◆ Your instructions:
Select every line below containing the word "button".

◆ Extracted information:
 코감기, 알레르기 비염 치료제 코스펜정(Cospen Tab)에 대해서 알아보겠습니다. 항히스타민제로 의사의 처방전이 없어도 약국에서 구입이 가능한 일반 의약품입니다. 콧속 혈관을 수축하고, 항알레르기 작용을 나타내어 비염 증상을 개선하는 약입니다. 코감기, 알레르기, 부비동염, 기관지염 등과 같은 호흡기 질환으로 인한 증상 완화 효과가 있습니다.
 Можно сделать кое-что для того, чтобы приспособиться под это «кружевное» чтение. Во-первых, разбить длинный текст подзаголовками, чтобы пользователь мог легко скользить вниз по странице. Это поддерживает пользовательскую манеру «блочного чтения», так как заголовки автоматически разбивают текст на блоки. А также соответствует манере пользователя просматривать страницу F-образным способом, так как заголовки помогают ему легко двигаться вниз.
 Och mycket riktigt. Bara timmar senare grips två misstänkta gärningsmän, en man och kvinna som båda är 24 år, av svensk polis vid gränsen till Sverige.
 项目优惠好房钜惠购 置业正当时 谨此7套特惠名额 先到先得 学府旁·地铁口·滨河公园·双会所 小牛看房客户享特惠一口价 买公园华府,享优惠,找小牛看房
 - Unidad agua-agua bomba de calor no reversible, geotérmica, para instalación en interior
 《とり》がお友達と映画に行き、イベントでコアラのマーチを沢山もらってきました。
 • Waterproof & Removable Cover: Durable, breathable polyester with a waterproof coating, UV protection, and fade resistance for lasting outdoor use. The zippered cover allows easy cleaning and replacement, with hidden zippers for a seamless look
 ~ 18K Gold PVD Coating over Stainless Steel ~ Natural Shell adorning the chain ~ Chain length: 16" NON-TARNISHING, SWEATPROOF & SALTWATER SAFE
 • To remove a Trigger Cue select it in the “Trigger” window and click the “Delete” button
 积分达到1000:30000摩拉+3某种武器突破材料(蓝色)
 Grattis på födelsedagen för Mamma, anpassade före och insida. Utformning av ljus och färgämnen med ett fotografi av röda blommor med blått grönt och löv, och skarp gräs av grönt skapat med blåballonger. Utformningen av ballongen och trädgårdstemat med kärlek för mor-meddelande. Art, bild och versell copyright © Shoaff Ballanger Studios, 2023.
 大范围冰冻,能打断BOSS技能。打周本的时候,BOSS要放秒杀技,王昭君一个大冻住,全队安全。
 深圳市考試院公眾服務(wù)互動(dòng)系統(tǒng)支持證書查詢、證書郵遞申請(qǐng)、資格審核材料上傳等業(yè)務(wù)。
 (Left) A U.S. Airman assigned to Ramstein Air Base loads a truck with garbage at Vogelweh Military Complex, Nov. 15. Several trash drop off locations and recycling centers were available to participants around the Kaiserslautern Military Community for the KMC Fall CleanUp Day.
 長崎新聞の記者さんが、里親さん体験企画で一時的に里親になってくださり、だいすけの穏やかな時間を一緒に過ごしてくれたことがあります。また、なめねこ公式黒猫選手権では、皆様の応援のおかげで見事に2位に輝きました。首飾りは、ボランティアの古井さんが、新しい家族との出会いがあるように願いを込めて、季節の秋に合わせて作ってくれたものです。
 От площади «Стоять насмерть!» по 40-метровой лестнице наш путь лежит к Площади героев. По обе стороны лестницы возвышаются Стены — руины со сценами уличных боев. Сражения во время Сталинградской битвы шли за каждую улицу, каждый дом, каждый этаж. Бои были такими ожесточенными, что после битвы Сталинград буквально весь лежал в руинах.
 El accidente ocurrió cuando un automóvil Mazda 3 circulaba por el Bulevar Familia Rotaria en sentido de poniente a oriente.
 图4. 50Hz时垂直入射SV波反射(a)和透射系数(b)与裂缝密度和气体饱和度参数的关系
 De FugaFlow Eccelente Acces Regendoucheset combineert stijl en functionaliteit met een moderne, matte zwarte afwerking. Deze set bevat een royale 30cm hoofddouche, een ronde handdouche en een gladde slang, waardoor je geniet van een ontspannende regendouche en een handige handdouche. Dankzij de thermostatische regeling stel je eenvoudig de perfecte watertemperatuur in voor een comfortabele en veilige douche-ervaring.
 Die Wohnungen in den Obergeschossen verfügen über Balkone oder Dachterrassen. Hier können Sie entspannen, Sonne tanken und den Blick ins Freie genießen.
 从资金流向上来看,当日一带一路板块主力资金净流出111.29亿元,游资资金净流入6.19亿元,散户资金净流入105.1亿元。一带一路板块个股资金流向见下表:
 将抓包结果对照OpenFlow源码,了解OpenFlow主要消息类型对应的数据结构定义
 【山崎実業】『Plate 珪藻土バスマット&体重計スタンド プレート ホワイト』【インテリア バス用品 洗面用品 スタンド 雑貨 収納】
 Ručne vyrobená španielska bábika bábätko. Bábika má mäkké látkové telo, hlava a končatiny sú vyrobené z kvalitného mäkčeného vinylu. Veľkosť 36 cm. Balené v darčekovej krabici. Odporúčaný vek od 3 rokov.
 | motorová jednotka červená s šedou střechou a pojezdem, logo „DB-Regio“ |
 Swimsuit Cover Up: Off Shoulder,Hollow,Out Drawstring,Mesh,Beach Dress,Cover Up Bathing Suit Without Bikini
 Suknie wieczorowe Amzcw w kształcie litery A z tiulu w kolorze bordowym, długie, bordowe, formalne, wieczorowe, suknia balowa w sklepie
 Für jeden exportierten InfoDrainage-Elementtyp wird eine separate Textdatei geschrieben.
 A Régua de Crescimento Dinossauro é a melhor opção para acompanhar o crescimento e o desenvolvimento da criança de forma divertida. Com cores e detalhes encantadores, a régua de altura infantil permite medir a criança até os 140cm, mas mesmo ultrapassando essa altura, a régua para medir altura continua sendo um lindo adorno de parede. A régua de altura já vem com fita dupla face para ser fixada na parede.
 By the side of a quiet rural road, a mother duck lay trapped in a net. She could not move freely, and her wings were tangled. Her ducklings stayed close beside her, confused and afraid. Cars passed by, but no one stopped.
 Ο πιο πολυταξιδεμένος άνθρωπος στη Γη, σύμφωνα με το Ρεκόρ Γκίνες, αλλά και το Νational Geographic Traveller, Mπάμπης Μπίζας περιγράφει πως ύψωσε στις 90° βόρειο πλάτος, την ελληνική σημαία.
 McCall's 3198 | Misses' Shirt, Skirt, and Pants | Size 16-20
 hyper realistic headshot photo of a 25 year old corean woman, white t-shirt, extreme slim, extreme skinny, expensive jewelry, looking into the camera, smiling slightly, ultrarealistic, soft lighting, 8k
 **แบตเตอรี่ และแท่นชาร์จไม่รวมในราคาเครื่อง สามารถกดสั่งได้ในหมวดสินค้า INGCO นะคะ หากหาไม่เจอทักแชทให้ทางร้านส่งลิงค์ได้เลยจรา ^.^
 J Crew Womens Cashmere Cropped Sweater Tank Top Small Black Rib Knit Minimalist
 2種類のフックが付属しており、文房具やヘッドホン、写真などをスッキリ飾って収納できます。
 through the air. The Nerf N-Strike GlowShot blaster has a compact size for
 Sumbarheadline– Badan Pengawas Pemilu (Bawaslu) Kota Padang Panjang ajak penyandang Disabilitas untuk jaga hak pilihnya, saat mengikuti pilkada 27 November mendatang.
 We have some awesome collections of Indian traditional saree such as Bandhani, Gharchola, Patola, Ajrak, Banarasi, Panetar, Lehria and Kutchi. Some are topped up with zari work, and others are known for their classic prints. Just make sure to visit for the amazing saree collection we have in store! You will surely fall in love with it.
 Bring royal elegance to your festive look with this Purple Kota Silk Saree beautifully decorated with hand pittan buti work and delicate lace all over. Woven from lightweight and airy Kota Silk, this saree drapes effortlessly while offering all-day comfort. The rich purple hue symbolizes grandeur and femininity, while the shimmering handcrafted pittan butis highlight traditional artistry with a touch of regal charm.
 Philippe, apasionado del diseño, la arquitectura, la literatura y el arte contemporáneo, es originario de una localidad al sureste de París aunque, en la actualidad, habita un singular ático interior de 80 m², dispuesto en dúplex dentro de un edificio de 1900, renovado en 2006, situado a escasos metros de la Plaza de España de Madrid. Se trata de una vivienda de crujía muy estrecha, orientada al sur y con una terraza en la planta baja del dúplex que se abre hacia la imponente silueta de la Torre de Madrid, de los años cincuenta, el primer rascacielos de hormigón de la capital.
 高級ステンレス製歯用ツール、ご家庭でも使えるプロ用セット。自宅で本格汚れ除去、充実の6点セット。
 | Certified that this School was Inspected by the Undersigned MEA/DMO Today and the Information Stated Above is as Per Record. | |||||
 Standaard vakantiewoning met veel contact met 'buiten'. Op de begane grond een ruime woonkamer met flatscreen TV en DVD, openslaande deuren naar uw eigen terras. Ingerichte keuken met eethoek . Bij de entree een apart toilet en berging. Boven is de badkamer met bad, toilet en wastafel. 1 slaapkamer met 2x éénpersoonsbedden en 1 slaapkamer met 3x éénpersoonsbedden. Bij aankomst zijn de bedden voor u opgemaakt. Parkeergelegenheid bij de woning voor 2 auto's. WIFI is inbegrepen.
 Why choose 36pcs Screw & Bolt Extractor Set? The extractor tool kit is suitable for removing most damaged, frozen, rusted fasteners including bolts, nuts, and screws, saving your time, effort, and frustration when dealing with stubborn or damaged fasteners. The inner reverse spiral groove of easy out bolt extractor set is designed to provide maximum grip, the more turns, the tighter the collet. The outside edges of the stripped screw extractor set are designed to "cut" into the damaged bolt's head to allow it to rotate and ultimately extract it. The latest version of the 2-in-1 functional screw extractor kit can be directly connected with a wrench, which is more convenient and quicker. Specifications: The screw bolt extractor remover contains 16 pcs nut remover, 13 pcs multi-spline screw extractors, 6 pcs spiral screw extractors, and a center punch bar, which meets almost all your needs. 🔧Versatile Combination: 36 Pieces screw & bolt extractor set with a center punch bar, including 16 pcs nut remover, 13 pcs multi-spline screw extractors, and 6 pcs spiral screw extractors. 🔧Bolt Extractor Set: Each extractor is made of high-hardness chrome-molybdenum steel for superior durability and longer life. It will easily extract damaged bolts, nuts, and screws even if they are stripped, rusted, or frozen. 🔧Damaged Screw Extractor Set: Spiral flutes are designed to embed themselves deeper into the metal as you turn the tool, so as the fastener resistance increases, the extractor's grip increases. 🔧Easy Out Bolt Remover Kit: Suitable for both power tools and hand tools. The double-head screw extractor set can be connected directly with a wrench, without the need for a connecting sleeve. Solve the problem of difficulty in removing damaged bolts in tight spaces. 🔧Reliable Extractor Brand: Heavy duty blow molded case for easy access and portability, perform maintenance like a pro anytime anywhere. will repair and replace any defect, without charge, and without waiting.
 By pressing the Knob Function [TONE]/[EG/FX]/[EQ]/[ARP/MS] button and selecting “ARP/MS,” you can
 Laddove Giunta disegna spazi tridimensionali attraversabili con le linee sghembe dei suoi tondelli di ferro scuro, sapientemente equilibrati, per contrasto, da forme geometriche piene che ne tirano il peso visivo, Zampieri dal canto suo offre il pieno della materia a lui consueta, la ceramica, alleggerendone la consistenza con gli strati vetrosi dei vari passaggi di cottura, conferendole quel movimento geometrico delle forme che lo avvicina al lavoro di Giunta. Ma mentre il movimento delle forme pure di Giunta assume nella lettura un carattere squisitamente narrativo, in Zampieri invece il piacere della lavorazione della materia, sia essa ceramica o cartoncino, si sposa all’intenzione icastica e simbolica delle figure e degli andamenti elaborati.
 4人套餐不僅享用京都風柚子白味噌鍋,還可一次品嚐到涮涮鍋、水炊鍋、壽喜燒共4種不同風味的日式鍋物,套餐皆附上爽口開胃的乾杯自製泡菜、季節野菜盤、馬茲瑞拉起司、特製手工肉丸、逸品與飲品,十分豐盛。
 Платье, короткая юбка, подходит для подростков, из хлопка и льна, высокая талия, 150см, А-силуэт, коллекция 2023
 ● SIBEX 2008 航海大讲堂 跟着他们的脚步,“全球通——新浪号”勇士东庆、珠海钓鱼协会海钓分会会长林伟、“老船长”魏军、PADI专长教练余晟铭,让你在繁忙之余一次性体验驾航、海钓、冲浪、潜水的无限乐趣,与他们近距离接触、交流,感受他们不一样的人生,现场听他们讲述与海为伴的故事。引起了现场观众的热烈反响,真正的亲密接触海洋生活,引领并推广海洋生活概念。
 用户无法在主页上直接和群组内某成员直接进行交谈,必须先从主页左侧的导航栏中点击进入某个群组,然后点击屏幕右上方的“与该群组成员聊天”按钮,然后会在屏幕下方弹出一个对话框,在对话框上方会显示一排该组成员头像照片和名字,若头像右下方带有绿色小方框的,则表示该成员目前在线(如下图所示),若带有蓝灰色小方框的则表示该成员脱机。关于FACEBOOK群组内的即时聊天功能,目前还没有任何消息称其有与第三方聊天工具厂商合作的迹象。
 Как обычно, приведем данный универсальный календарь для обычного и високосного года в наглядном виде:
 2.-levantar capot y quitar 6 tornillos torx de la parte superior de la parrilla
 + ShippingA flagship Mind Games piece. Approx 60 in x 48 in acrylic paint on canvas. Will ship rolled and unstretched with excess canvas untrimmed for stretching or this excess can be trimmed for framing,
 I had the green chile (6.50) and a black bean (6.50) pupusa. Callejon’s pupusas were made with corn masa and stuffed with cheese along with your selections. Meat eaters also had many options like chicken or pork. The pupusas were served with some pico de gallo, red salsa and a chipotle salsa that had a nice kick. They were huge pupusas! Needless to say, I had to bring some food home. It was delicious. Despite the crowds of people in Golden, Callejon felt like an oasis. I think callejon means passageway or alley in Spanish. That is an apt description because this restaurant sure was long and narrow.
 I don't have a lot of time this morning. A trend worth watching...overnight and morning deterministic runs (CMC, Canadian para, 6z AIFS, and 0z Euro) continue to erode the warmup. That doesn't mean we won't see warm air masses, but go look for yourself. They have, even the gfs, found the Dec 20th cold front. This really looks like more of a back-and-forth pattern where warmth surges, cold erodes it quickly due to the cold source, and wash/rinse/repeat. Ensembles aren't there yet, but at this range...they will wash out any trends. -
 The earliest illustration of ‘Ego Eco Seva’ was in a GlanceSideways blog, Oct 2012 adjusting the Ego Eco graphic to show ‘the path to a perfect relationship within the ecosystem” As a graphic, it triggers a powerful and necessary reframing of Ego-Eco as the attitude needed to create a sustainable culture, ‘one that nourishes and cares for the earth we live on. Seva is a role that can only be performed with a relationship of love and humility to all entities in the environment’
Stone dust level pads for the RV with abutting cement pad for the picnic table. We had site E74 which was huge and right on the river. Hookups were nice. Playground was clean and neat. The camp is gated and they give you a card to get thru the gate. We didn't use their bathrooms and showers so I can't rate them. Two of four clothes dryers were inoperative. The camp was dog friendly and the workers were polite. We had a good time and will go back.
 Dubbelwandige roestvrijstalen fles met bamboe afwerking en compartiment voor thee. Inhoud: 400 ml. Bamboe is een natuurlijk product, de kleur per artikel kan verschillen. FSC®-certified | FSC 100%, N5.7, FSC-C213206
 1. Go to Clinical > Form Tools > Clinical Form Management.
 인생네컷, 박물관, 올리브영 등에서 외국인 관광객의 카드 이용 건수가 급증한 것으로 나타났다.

◆ Solution to the problem:
 • To remove a Trigger Cue select it in the “Trigger” window and click the “Delete” button
 By pressing the Knob Function [TONE]/[EG/FX]/[EQ]/[ARP/MS] button and selecting “ARP/MS,” you can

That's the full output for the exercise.